= Glenn Snyder =

American political scientist (1924–2013)

Glenn Herald Snyder (October 8, 1924 – February 14, 2013) was professor emeritus of political science at the University of North Carolina at Chapel Hill. His expertise was in the fields of international relations theory and security studies. He made influential contributions to the study of alliances and deterrence theory, which include establishing the theory of the Stability–instability paradox.

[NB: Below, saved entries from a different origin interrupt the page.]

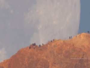 Ролик испанского профессионального оператора Даниэля Лопеса о том, как гигантская Луна надвигается на людей, посмотрело уже почти 1,5 миллиона человек. И видео продолжает набирать популярность на YouTube. Длится видео чуть более двух минут. Лопес снял его в горах Канарских островов, используя для создания видео телескопический объектив. Именно благодаря такому объективу изображение Луны и было увеличено в разы. Снимал оператор с расстояния в 16 километров. Поэтому люди на видео и выглядят такими маленькими по сравнению с Луною. Читайте также Новолуние: что нельзя делать и что нужно По словам Лопеса, кроме использования специального объектива, никаких других манипуляций или редактирования он с роликом не делал. |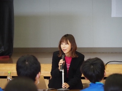 社会人として活躍している本校の卒業生であるNPO法人さくら 片岡未菜様を講師としてお招きし、これまでの進路選択の経緯や仕事の経歴など成功体験や失敗談をもとに、具体的に話をしていただきました。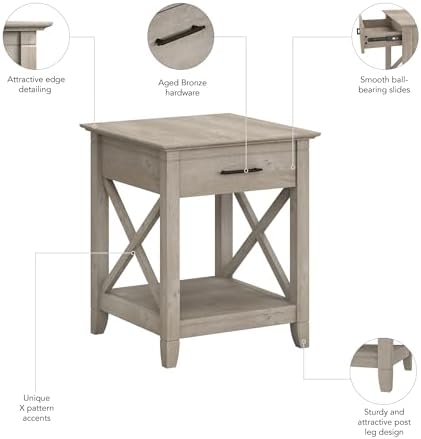 The Bush Furniture Key West End Table with Storage is a perfect way to bring the feel of a coastal retreat right to your living room. Highlighted by its unique X pattern accents and your choice of several casual finishes, this small side table is a natural fit in homes that embrace cottage and farmhouse styling. A box drawer organizes writing utensils, notepads, TV remotes and more while the lower shelf is perfect for storing reading materials and other household items. The surface offers more than enough room for a lamp, plant or decorations that give your space a personal touch. Use the 20W x 20D x 24H End Table on its own or build a complete living room furniture set with the matching Key West Coffee Table, 60W TV Stand and Console Table (coordinating items sold separately). This accent table has been rigorously tested to meet Bush Furniture's standards for safety, performance and durability and is backed by a 1 Year Manufacturer's Warranty. Browse the full Key West Collection for home furnishings with easy going style.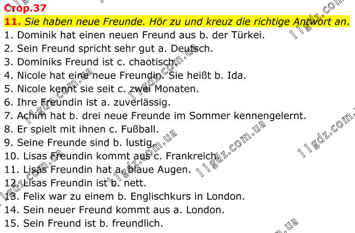11. Sie haben neue Freunde. Hör zu und kreuz die richtige Antwort an. 1. Dominik hat einen neuen Freund aus b. der Türkei. 2. Sein Freund spricht sehr gut a. Deutsch. 3. Dominiks Freund ist c. chaotisch. 4. Nicole hat eine neue Freundin. Sie heißt b. Ida. 5. Nicole kennt sie seit c. zwei Monaten. 6. Ihre Freundin ist a. zuverlässig. 7. Achim hat b. drei neue Freunde im Sommer kennengelernt. 8. Er spielt mit ihnen c. Fußball. 9. Seine Freunde sind b. lustig. 10. Lisas Freundin kommt aus c. Frankreich. 11. Lisas Freundin hat a. blaue Augen. 12. Lisas Freundin ist b. nett. 13. Felix war zu einem b. Englischkurs in London. 14. Sein neuer Freund kommt aus a. London. 15. Sein Freund ist b. freundlich.

Snyder was born in Superior, Wisconsin and served as a second lieutenant in the United States Army Air Forces during World War II from 1943 to 1945. He graduated from the University of Oregon in 1948, then worked as a reporter for The Wall Street Journal from 1949 to 1951. He received an M.A. and a PhD in political science from Columbia University in 1953 and 1956 respectively. From 1953 until 1955, he worked as a teaching fellow at Wesleyan University, then from 1955 to 1958 he worked as a lecturer and research associate in the Institute of War and Peace Studies at Columbia before taking a position in Princeton University's Center of International Studies, which he held until 1960. Next, Snyder taught at the University of Denver and the University of California, Berkeley. In 1964, Snyder joined the department of political science at the State University of New York Buffalo, where he taught until 1984. From 1967 to 1973, he also served as chairman of the Center of International Conflict Studies at SUNY-Buffalo. In 1984, Snyder joined the University of North Carolina at Chapel Hill as professor of political science.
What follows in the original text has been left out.